K. O. Aysha Bai (25 October 1926 – 28 October 2005), also spelled Ayesha Bai, was a Communist politician from south India. She was the first Deputy Speaker of the Kerala Legislative Assembly (6 May 1957 – 31 July 1959). Aysha Bai was the first Muslim woman to rise to public fame in modern Kerala. She was an aggressive advocate for the forward progress of Mappila women. She was also a pioneer organizer of Women's Societies (Mahila Samajams).

Bai had her education at Women's College and University College, Trivandrum and Law College, Ernakulam (B. A. and B. L.). She participated in the Students Congress in 1947.

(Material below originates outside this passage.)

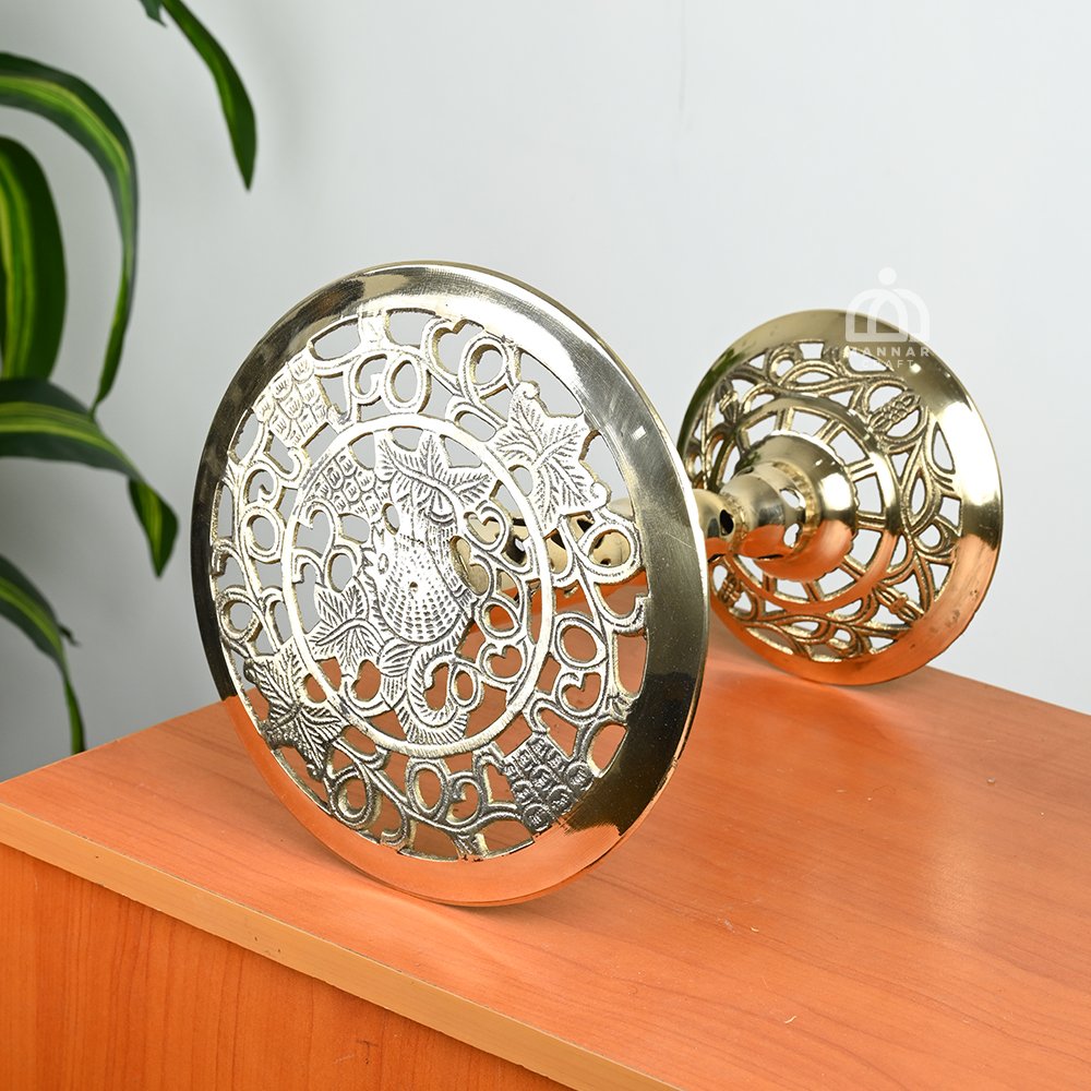 Whether you're placing your favorite deity idol, lighting a brass lamp, or arranging festive décor, this traditional brass chowki creates a graceful focal point. Its antique finish evokes the charm of heirloom pieces often found in heritage homes across Kerala and beyond, making it both a spiritual and decorative essential.

Bai joined the Communist Party of India (CPI) in 1953 and was elected as representative from Kayamkulam Constituency to the Kerala Legislative Assembly in 1957, serving two terms (in first and second KLAs). She served as Deputy Speaker of the Assembly from May 1957 until July 1959. She served as Chairman of the Committee on Government Assurances from 1961 to 1963. She was State Vice President, Kerala Mahila Sangham – Communist Party of India, Member, Central and State Social Welfare Boards and State Watch – Dog Committee on Prisons.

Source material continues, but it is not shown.